Supplied data =>
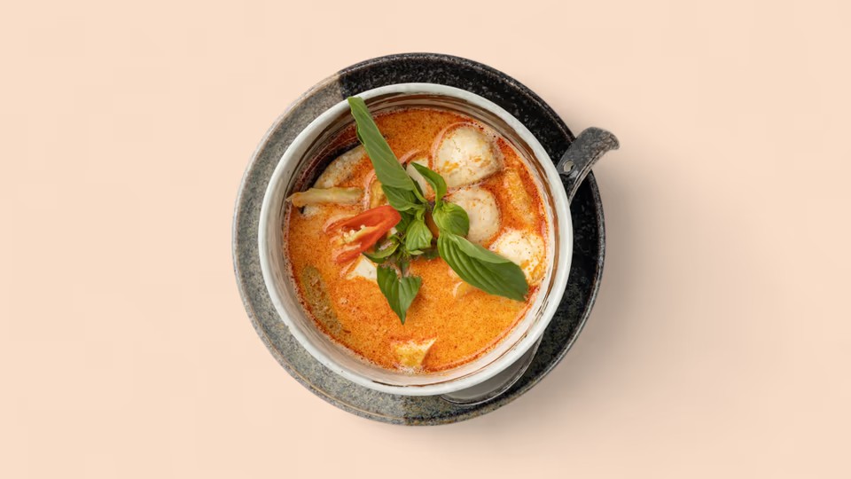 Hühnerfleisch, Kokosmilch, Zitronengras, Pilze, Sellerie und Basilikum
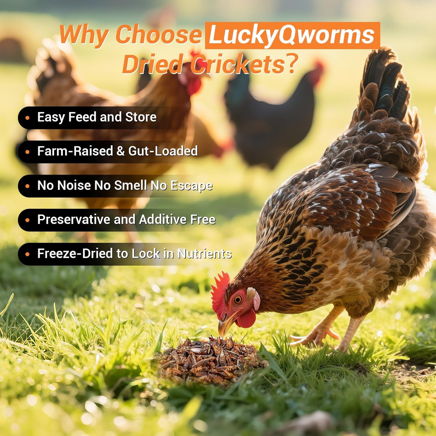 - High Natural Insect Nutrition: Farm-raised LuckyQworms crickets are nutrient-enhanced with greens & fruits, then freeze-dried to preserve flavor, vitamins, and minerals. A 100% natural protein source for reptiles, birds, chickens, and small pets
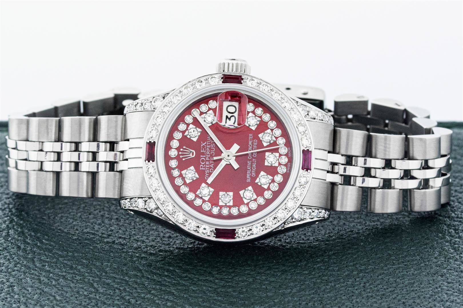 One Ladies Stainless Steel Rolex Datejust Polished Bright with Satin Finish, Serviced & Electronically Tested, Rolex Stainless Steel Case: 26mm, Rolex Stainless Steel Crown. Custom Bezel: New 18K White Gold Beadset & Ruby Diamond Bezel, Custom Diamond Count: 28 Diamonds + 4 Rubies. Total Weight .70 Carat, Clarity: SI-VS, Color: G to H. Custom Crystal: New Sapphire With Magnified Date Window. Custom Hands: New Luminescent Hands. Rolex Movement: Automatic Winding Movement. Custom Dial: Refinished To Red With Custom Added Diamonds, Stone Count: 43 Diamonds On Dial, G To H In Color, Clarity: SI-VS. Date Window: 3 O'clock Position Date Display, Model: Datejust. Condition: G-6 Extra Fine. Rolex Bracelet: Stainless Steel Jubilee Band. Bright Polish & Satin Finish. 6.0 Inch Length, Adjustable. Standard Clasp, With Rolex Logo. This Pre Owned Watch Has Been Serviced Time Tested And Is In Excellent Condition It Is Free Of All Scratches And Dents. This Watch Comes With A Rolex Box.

Directions for this task => Copy out every line of the material above precisely, omitting the pictures.

Answer to the exercise =>
 Hühnerfleisch, Kokosmilch, Zitronengras, Pilze, Sellerie und Basilikum
 - High Natural Insect Nutrition: Farm-raised LuckyQworms crickets are nutrient-enhanced with greens & fruits, then freeze-dried to preserve flavor, vitamins, and minerals. A 100% natural protein source for reptiles, birds, chickens, and small pets
 One Ladies Stainless Steel Rolex Datejust Polished Bright with Satin Finish, Serviced & Electronically Tested, Rolex Stainless Steel Case: 26mm, Rolex Stainless Steel Crown. Custom Bezel: New 18K White Gold Beadset & Ruby Diamond Bezel, Custom Diamond Count: 28 Diamonds + 4 Rubies. Total Weight .70 Carat, Clarity: SI-VS, Color: G to H. Custom Crystal: New Sapphire With Magnified Date Window. Custom Hands: New Luminescent Hands. Rolex Movement: Automatic Winding Movement. Custom Dial: Refinished To Red With Custom Added Diamonds, Stone Count: 43 Diamonds On Dial, G To H In Color, Clarity: SI-VS. Date Window: 3 O'clock Position Date Display, Model: Datejust. Condition: G-6 Extra Fine. Rolex Bracelet: Stainless Steel Jubilee Band. Bright Polish & Satin Finish. 6.0 Inch Length, Adjustable. Standard Clasp, With Rolex Logo. This Pre Owned Watch Has Been Serviced Time Tested And Is In Excellent Condition It Is Free Of All Scratches And Dents. This Watch Comes With A Rolex Box.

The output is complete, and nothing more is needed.